A Funnel Plot is a widely used visual tool in meta-analysis designed to detect possible publication distortions. This diagram enables the assessment of the precision and consistency of effect sizes obtained from individual studies.

Although the Funnel Plot appeared visually symmetric, two additional statistical tests were conducted to more precisely determine whether publication bias was present in the meta-analysis results: Egger’s regression test and the Begg and Mazumdar rank correlation test (Table 4).

According to Egger’s regression test, the intercept value was 2.041 with p = 0.421. Since this value is > 0.05, no significant publication bias was detected in the dataset. In other words, any slight asymmetry that might be observed in the Funnel Plot is likely attributable to random variation rather than systematic bias. The Begg and Mazumdar test showed a similar conclusion: Kendall’s τ = 0.196 with p = 0.317. These values are also statistically non-significant (p > 0.05), confirming the absence of systematic publication bias across the included studies.

Overall, the results of both tests indicate that the meta-analysis data are reliable and unbiased. Therefore, the combined effect size reflecting the effectiveness of using STEM products in physics education can be considered objective and independent of publication errors.

Figure 4 illustrates the true effect of using STEM products on the development of learners’ applied skills. The results display the mean effect size and its statistical boundaries.

FIGURE 4

The findings revealed a mean effect size of d = 2.56, which represents a very large effect. This indicates that the use of STEM products in physics education has a strongly positive impact on the development of learners’ practical, experimental, and engineering skills.

The 95% confidence interval, ranging from 1.44 to 3.67, demonstrates that the effect is statistically significant and lies within a reliable range. This means that in the majority of comparative studies, the integration of STEM products produced positive outcomes for learners.

Additionally, the prediction interval ranging from –2.87 to 7.98 indicates that the effect of STEM-based instruction may vary across different learning contexts. While some situations may yield lower or neutral effects, the overall trend remains strongly positive.

In general, the results of this diagram confirm that the use of STEM products in physics education has a statistically significant and highly effective impact on the development of learners’ applied and research skills.

In the meta-analysis, the results evaluating the impact of using STEM products in physics education on the development of learners’ applied skills are visually presented using a Forest Plot (Figure 5).

FIGURE 5

A Forest Plot is a key tool that allows the comparison of individual study effect sizes and their overall combined impact within a single graph. This method helps determine the confidence intervals, magnitude of the effect, and the degree of heterogeneity (or homogeneity) across the included studies.

3.2 Analysis

The analysis was conducted based on twenty studies. The effect size index used was the standardized mean difference (d).

3.3 Statistical model

A random-effects model was employed in the analysis. This model treats the included studies as a random sample from a larger population of possible studies and allows the results to be generalized beyond the analyzed sample.

3.4 Mean effect size

The mean effect size was found to be 2.56, with a 95% confidence interval ranging from 1.441 to 3.670. This interval indicates that the true effect size in similar research contexts is likely to fall within this range.

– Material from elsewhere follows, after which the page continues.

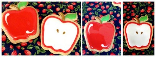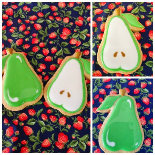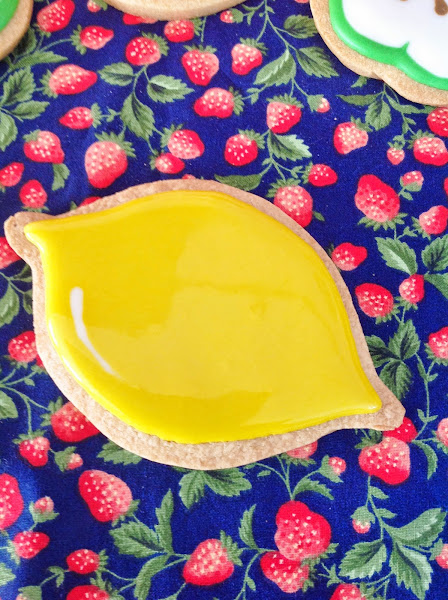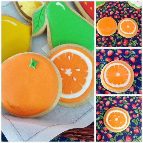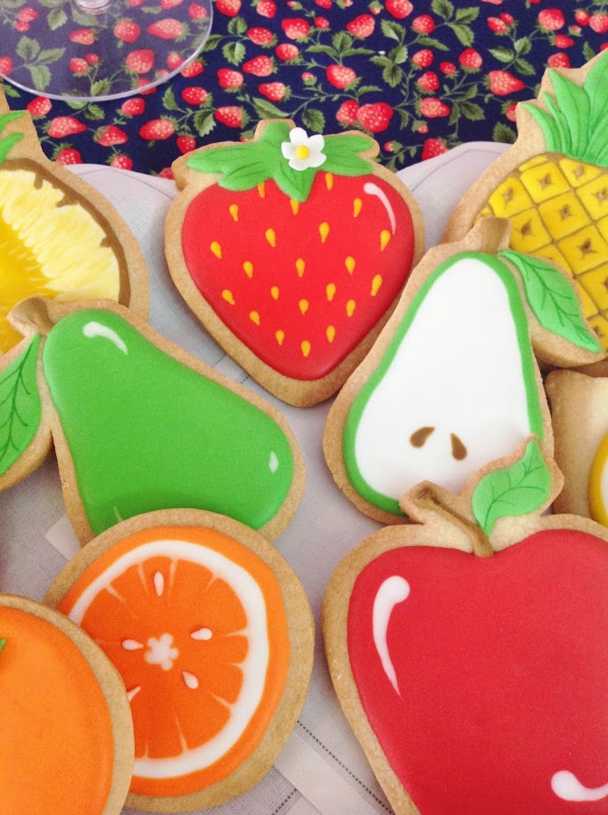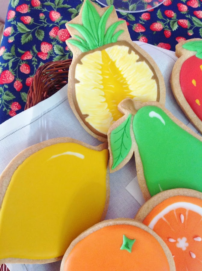 Os voy contando poco a poco cómo las hice. Por supuesto mi receta infalible de galletas para decorar y mi receta de glasa a la que le di consistencia media para no tener que perfilar y luego rellenar. Me gusta mucho cómo quedan las galletas sin perfiles. Los colorantes que usé son los del pack de Wilton. Como lleva los colores básicos, que son los que quería para la fruta, no tenía que quebrarme más la cabeza.

The Z-value tests the null hypothesis that the mean effect is equal to zero. The result was Z = 4.494, p < 0.001, meaning that at α = 0.05, the null hypothesis is rejected. Therefore, the mean effect is statistically different from zero, indicating a clear positive impact of using STEM products.

3.5 Assessment of heterogeneity (Q-test)

The Q statistic tests the hypothesis that all studies share a common effect size. If all studies had identical effect sizes, Q would equal the degrees of freedom (number of studies – 1). In this analysis: Q = 74.25, df = 19, p < 0.05. At α = 0.10, the null hypothesis is rejected, meaning that there is some variation among studies, but it is not substantial.

3.6 I² statistic

I² = 45.7%, meaning that nearly half of the observed variance across studies is due to real differences rather than random error. This represents a moderate level of heterogeneity.

3.7 Tau² and tau

The variance of true effect sizes (Tau²) was 0.21, and the standard deviation of true effects (Tau) was 0.46 (in d units). These values indicate low and relatively homogeneous variation between studies.

3.7.1 Prediction interval

Assuming the true effects follow a normal distribution, the prediction interval ranged from –2.870 to 7.980. This means that in 95% of comparable populations, the effect size is expected to lie within this range. Overall, the meta-analysis demonstrates a highly positive effect of using STEM products on learners’ applied skills.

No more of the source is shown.